Suppose that the 2x2 real matrix B = satisfies ad - bc = 1 and a+d = 2.For which values of the entries a,b,c and d will B be diagonalizable by a real matrix?Explain.
Hello,
A matrix 2x2 is diagonalizable if its eigenvalues are distinct (or that the sum of the dimensions of its eigenspaces is 2)
So the characteristic polynomial (remember that the eigenvalues are the root of this polynomial) of the matrix is defined as :
$\displaystyle \chi_B (\lambda)=\begin{vmatrix} a-\lambda & b \\ c & d-\lambda \end{vmatrix}=(a-\lambda)(d-\lambda)-bc$
$\displaystyle (a-\lambda)(d-\lambda)-bc=ad+\lambda^2-a \lambda - d \lambda - bc=\underbrace{ad-bc}_{1}-(\underbrace{a+d}_{2}) \lambda + \lambda^2$
$\displaystyle \chi_B (\lambda)=\lambda^2-2\lambda+1=(\lambda-1)^2$
So 1 has to be an eigenvalue and generate an eigenspace of dimension 2.
Let's study the eigenspaces generated by 1.

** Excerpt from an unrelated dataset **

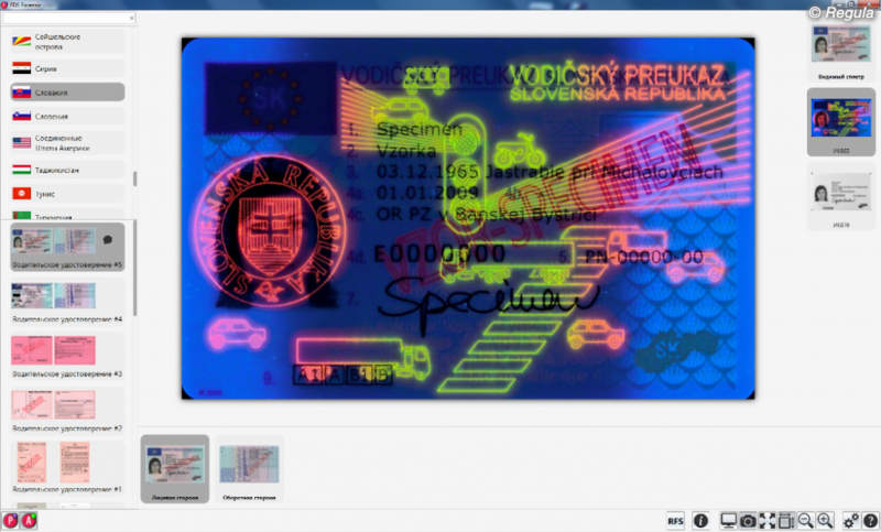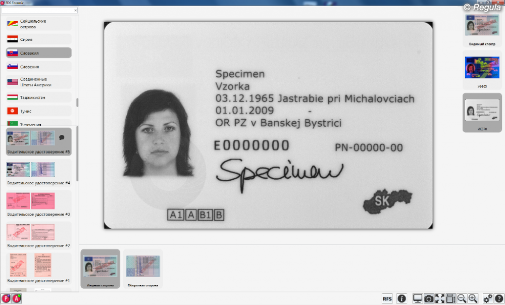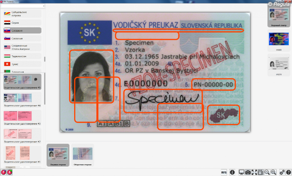 • Возможность выбора объема предоставляемой информации • Наличие в версиях Forensic/Forensic Pro gif-анимации оптически переменных элементов защиты: голограмм, OVI-элементов • Быстрая и удобная система поиска • Возможность добавления: - собственных описаний и примечаний к существующим документам - изображений и описаний новых документов с использованием программного модуля «Document Builder» в версии Forensic Pro • Интеграция с программным обеспечением «Regula Forensic Studio» для обработки изображений, сравнительного анализа: использование изображений документов и их фрагментов в качестве эталонных • Многоязыковой интерфейс: - английский - арабский - венгерский - испанский - итальянский - китайский - латышский - литовский - немецкий - польский - португальский - русский - украинский - французский - любой иной по требованию заказчика • Автоматическое обновление при наличии подключения к сети Интернет • Дистанционное обучение работе с системой • Дружественный интерфейс

We have to find $\displaystyle x_1, \ x_2$ such as :
$\displaystyle \begin{pmatrix} a & b \\ c & d \end{pmatrix} \begin{pmatrix} x_1 \\ x_2 \end{pmatrix} = 1 \begin{pmatrix} x_1 \\ x_2 \end{pmatrix}$
So it's equivalent to solving this system of equations :
$\displaystyle \begin{bmatrix} ax_1+bx_2=x_1 \\ cx_1+dx_2=x_2 \end{bmatrix}$
First of all, we know that $\displaystyle a+d=2$, that is to say $\displaystyle d=2-a$.
So the system is now :
$\displaystyle \begin{bmatrix} ax_1+bx_2=x_1 \longleftrightarrow (a-1)x_1+bx_2=0 \\ cx_1+(2-a)x_2=x_2 \longleftrightarrow cx_1+(1-a)x_2=0\end{bmatrix}$
And from here, i can't really know... If a=1, nothing tells us that b and c are different from 0, which is a condition that could help because it can let us say that a has to be different from 1 (or else, the eigenspace will be the null vector).
Can you go further though ?